In addressing whether the sentence of death in this case was excessive or disproportionate, we note that this is the eighth case considered by this Court in which the death penalty was imposed. Our prior capital cases are: State v. Mason (Dec. 9, 1996), Marion App. No. 9-94-45, unreported; State v. Dougherty (Sept. 12, 1996); Hancock App. No. 5-94-2, unreported; State v.Keith (Apr. 5, 1996), Crawford App. No. 3-94-14, unreported;State v. Joseph (Dec. 23, 1993), Allen App. No. 1-91-11, unreported; State v. Murphy (June 26, 1991), Marion App. No. 9-87-35, unreported; State v. Richey (Dec. 28, 1989), Putnam App. No. CA12-87-2, unreported; and State v. Spirko (Mar. 6, 1989), Van Wert App. No. 15-84-22, unreported. We have examined the prior capital cases and find that the imposition of a sentence of death in the present case is proportional to that imposed in our seven prior death penalty cases.

In Mason, supra, our most recently decided death penalty case, the defendant had raped and beaten to death a pregnant nineteen year-old girl. In Dougherty, supra, during the commission of an aggravated robbery, the defendant deliberately and callously shot an employee behind the ear at close range. In Keith, supra, the defendant was convicted of murdering three innocent victims with prior calculation and design. Two of our prior cases, Joseph and Spirko, supra, involved the intentional kidnapping and stabbing of innocent victims. Richey, supra, involved a defendant who deliberately committed arson — killing a two-year old child whom Richey knew to be in the building. In our third death penalty affirmance, Murphy, supra, the defendant murdered a victim by slicing her throat after she refused to comply with his extortion demands during an aggravated burglary and robbery.

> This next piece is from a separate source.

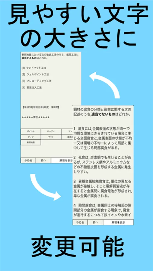 ※問題などは全てテキストデータで収録しているので、文字サイズの調整・自動フローを実現し、端末毎に見やすい文字サイズで提供しています。

After conducting a proportionality review and comparing appellant's case with the facts and circumstances of the seven death penalty cases which have been previously affirmed by this Court, we find that the penalty imposed by the trial court is neither excessive nor disproportionate. Appellant was found guilty of aggravated murder — the offense having been committed for hire and to prevent a witness from testifying at a criminal proceeding. We note, however, that none of our prior cases specifically involved murder for hire. Nevertheless, in the present case we believe that imposition of the death penalty, considering the brutality, the severity, the prior calculation and design, and the sparsity of any mitigating evidence, is proportional and appropriate to the penalties imposed in our prior death penalty cases.

In conclusion, we find that the sentence of death in the present case is appropriate.5 Accordingly, we affirm the sentence of death imposed by the trial court.

Sentence of death affirmed.

BRYANT, P.J., and SHAW, J., concur.

1 See also our discussion of the eighth assignment of error in the written opinion.

2 It appears from the transcript that Calvin put the picture into his own pocket.

3 See also our discussion of the eighth assignment of error in the written opinion.

4 See also our discussion of the eighth assignment of error in the written opinion.

5 See, also, State v. Frazier (1995), 73 Ohio St. 3d 323 (death sentence imposed on defendant who killed victim during aggravated burglary to prevent victim from testifying against him in rape trial was neither excessive nor disproportionate to penalty imposed in similar circumstances); State v. Davis (1991), 62 Ohio St. 3d 326 (death sentence imposed on defendant convicted of aggravated murder for hire and killing of second victim for purpose of escaping detection, apprehension, trial or punishment was not excessive or disproportionate); State v.Williams (1988), 38 Ohio St. 3d 346 (imposition of death penalty on defendant who hired another to commit murder was not disproportionate to sentences imposed in similar cases, such as cases involving execution-style killings).